• [Exercise instructions]: Output all the data exactly. Pictures do not belong in the copy.

• [Supplied data]:
※
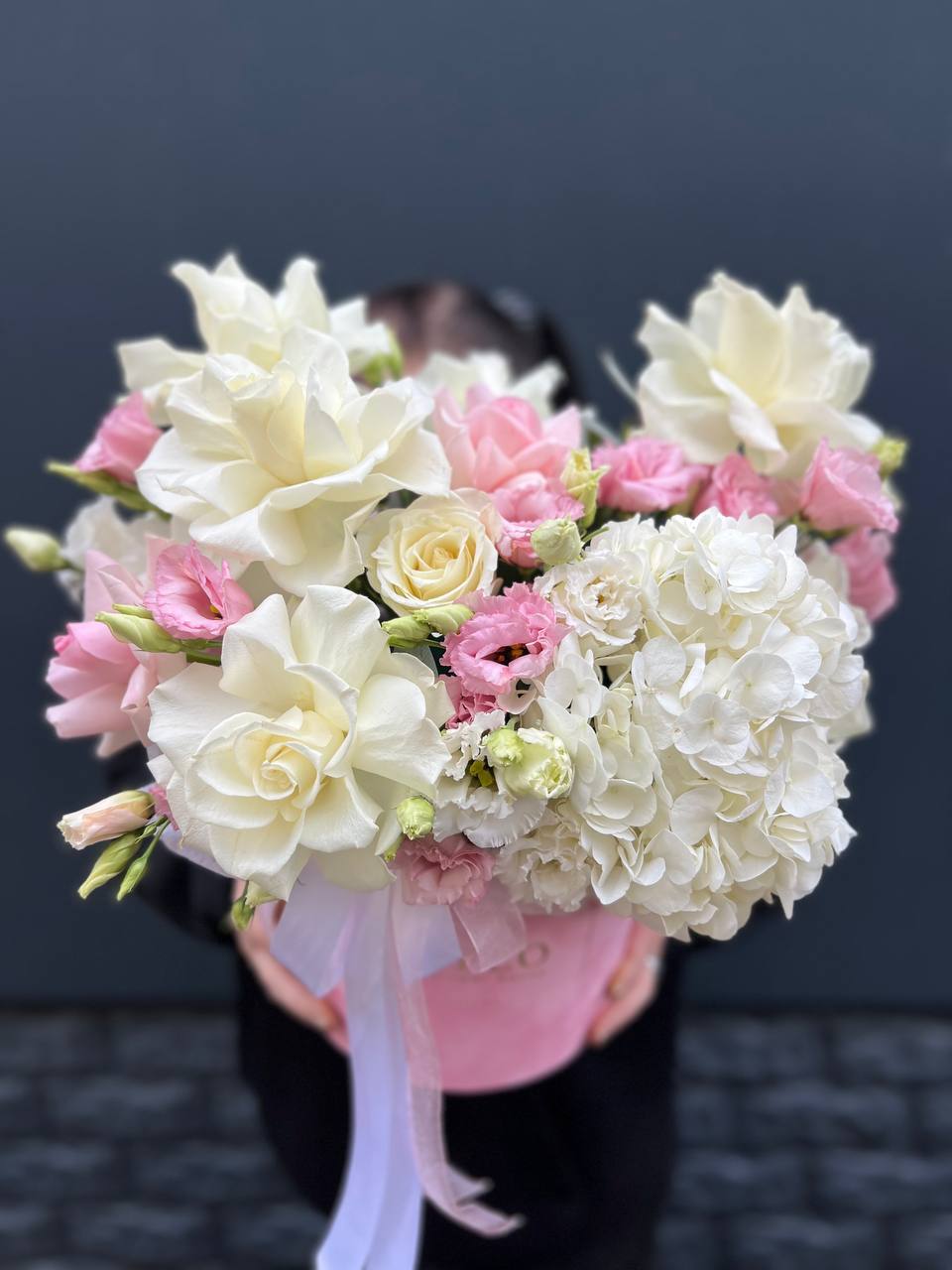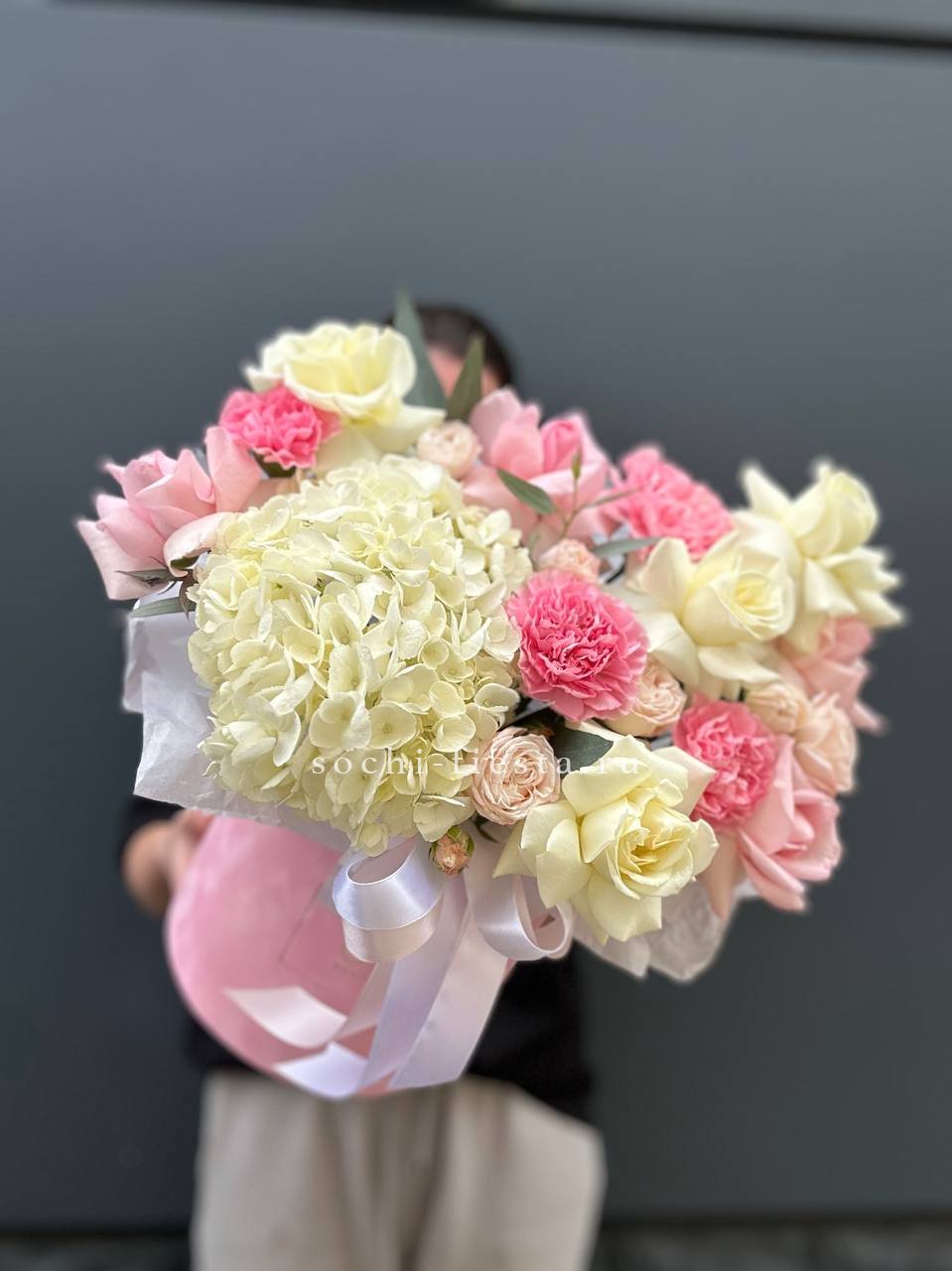 гортензия, одноголовые розы, пионовидные розы, диантусы, лента, цилиндр D20.
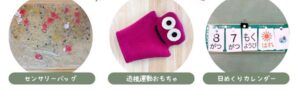 ひんやり冷たい感触遊びに使えるセンサリーバッグ、赤ちゃん期から追視運動にも使えるパペットと、モンテクラスでも使っている日めくりカレンダーを作りました。
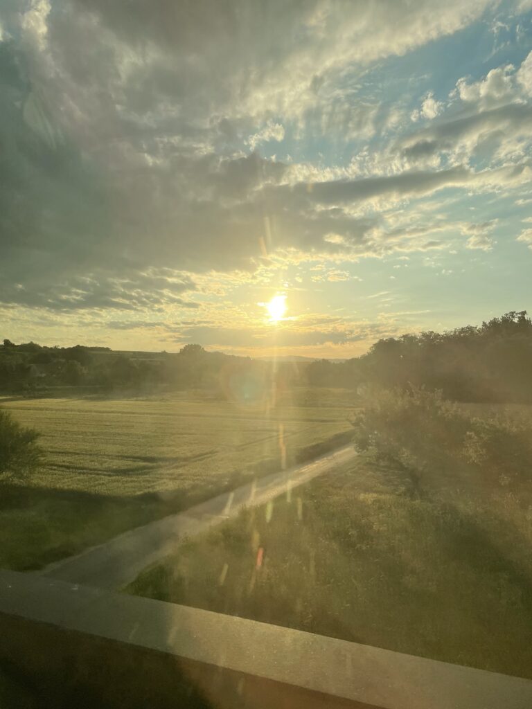 Ich persönlich liebe ja Wolken ganz besonders und eines meiner liebsten Hobbys ist „in die Luft zu schauen“. Diesen Himmel habe ich im August 2024 von der Franz-Josefs-Bahn aus bei Hadersdorf am Kamp fotografiert. Wenn der Sommerwind Getreidefelder streichelt, sodass ich ein Rauschen höre, die Vogerln zwitschern und die Sonne durch ein paar Wölkchen mehrfarbige Strahlen schickt, dann finde ich das wundervoll.
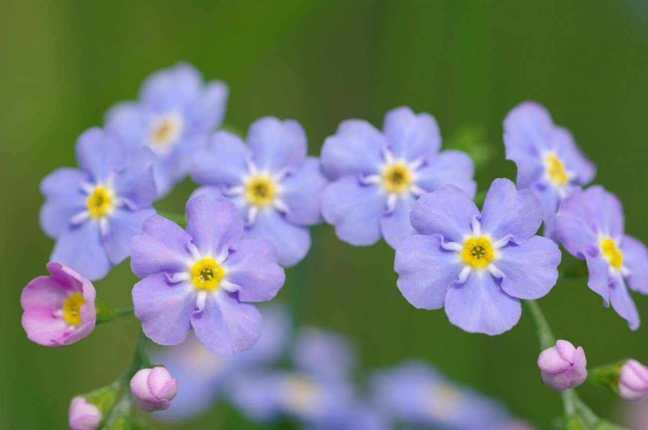 品種改良によって青以外にも、白やピンクのワスレナグサがあります。花言葉には「私を忘れないで」のほかに「真実の愛」という意味もあり、カップルや大切な人への贈り物として選ばれることが多い植物です。
※
• [Answer area]:
 гортензия, одноголовые розы, пионовидные розы, диантусы, лента, цилиндр D20.
 ひんやり冷たい感触遊びに使えるセンサリーバッグ、赤ちゃん期から追視運動にも使えるパペットと、モンテクラスでも使っている日めくりカレンダーを作りました。
 Ich persönlich liebe ja Wolken ganz besonders und eines meiner liebsten Hobbys ist „in die Luft zu schauen“. Diesen Himmel habe ich im August 2024 von der Franz-Josefs-Bahn aus bei Hadersdorf am Kamp fotografiert. Wenn der Sommerwind Getreidefelder streichelt, sodass ich ein Rauschen höre, die Vogerln zwitschern und die Sonne durch ein paar Wölkchen mehrfarbige Strahlen schickt, dann finde ich das wundervoll.
 品種改良によって青以外にも、白やピンクのワスレナグサがあります。花言葉には「私を忘れないで」のほかに「真実の愛」という意味もあり、カップルや大切な人への贈り物として選ばれることが多い植物です。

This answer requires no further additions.